• _PROBLEM DESCRIPTION_
Reproduce the records below exactly, but only between the lines holding "Trwają rozmowy dotyczące" and "②此外更養有四十幾隻肥豬，是", inclusive.

• _DATA PROVIDED_
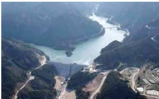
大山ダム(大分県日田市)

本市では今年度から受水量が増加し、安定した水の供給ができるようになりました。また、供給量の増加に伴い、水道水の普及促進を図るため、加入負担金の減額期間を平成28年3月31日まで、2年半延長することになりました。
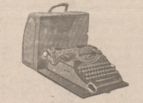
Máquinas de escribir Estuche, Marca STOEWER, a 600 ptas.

* * *

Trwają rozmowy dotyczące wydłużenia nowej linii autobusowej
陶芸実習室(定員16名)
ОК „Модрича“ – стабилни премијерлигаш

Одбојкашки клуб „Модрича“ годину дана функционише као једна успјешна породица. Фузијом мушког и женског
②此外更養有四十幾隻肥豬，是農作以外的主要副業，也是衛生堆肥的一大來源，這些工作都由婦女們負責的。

--

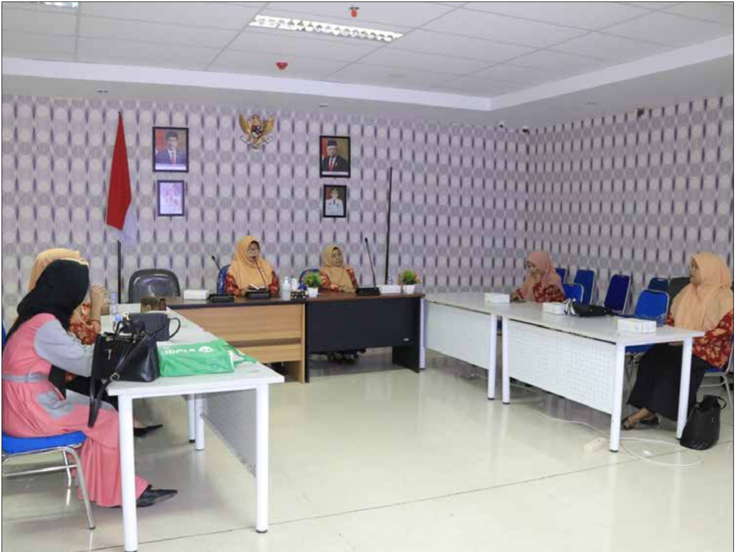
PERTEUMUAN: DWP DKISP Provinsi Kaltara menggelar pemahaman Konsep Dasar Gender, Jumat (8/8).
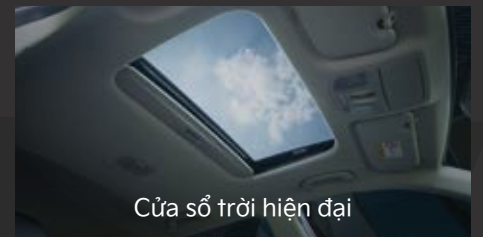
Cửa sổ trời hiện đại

• _RESULT OF THE EXERCISE_
Trwają rozmowy dotyczące wydłużenia nowej linii autobusowej
陶芸実習室(定員16名)
ОК „Модрича“ – стабилни премијерлигаш

Одбојкашки клуб „Модрича“ годину дана функционише као једна успјешна породица. Фузијом мушког и женског
②此外更養有四十幾隻肥豬，是農作以外的主要副業，也是衛生堆肥的一大來源，這些工作都由婦女們負責的。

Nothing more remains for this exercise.